Peterborough’s new waterfront Canadian Canoe Museum has received even more national recognition, along with the local architectural firm responsible for the museum’s design.
The museum has been featured on the cover of April’s Canadian Architect, one of the most respected design publications in the country, with the magazine also recognizing the work of Peterborough-based Unity Design Studio (formerly Lett Architects Inc.).
Construction of the new facility began in late 2021, but faced delays due to the impact of the pandemic on the construction industry, including supply chains and material and labour shortages. The museum opened its doors two-and-a-half years later, in May 2024.
“On the Canadian Canoe Museum project, Unity faced a challenging set of conditions: a constrained budget, a site different than the one they had initially designed for, and a compressed timeframe for construction,” writes Javier Zeller, an architect working in Toronto with Diamond Schmitt Architects, in the Canadian Architect story.
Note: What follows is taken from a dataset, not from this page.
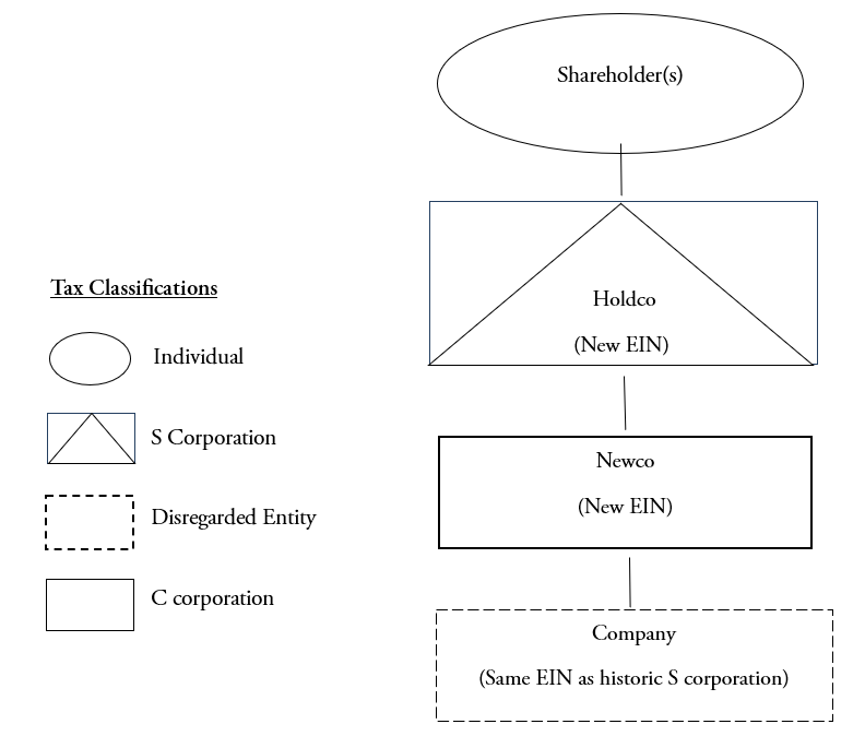 If the Company is an LLC taxed as an S corporation, the steps outlined above would be adjusted to reflect the state-law entity difference. There may be additional owners of Newco added as a part of the restructuring (e.g., investors or Company employees).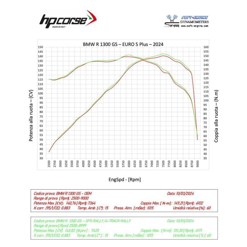SPS RALLY ist ein neuer Auspuff, sehr gut proportioniert in Größe und Volumen, kurz und kompakt, perfekt für die BMW R 1300 GS ADVENTURE. Ein „OFFENER“ Schalldämpfer, da er EURO 5 PLUS-zugelassen ist, jedoch ohne DBK, und somit den aktuellen Vorschriften voll entspricht. Dadurch konnten wir eine hohe Leistung und ein hohes Drehmoment erzielen und dem BMW-Zweizylinder einen angenehm tiefen Klang entlocken, der sich deutlich vom Originalschalldämpfer unterscheidet. Die Schalldämpferhülse besteht aus Titan und schwarzem Keramiktitan mit einer Dicke von 0,8 mm und hat eine Länge ohne Endkappen von 270 mm. Die Endkappe besteht aus Carbonfaser „Made in Italy“ und verfügt über ein wabenförmiges Metallschutzgitter aus gebürstetem Edelstahl. Die ebenfalls aus Carbon gefertigte Abdeckung greift die stilistische Gestaltung der Heckabschlusskappe auf und verleiht dem Terminal einen Rallye-Charakter, der auf lange Reisen und Abenteuer anspielt. Die Armatur ist aus Edelstahl gefertigt und manuell WIG-geschweißt. Lasergraviertes Logo.

“Unity nonetheless delivered a much better building than would have been expected in the circumstances they faced. With a restrained palette of materials and controlled spatial sequence, Unity Architects has created a place that connects the visitor to the artifacts through material and movement.”
Designed to reflect the form and spirit of the canoe, the two-storey 65,000-square-foot building features mass timber construction and a warm, natural palette that connects visitors to the surrounding land and water. A 17,000-square-foot exhibition hall anchors the experience, alongside spaces for learning, programming, and community engagement.

“We knew from the beginning this had to be more than just a place to display canoes,” says Unity design principal Michael Gallant in a media release. “It needed to reflect their meaning-connection, movement, storytelling — and invite people to experience those values firsthand.”
“Constraints like a tight site and floodplain restrictions didn’t limit the design — they focused it. They pushed us to think vertically, to create a procession, and to use every inch of the building to celebrate the canoe and its connection to water.”
Unity Design Studio has a longstanding relationship with the Canadian Canoe Museum, the release states, adding “designing its new home has been a true honour.”
For the design and building of the new facility, The Canadian Canoe Museum took an integrated project delivery (IPD) approach.
Unlike traditional design and construction delivery methods, IPD is a collaborative approach where all project stakeholders are brought on board at the very beginning of the project, sign a multi-party contract, and share the responsibility for the project — including the financial risk.
“From site selection to construction, we were walking the path with the client, not just for them,” says Unity managing principal Bill Lett. “That level of trust and shared purpose shaped every decision and brought out the best in everyone involved. With trades, architects, and clients all in one room, ideas flowed, egos took a back seat, and solutions came from every corner of the team. Integrated project delivery wasn’t just a method, it was a mindset.”
The Canadian Architect coverage is only the latest recognition of The Canadian Canoe Museum. In March, the museum was named in TIME magazine’s list of the world’s greatest places to visit in 2025 — and the only Canadian destination on the list.
That recognition came just two months after the museum was mentioned in a similar list published by the New York Times, and a year after the museum was named one of the Best Cultural Spots on National Geographic’s Best of the World list.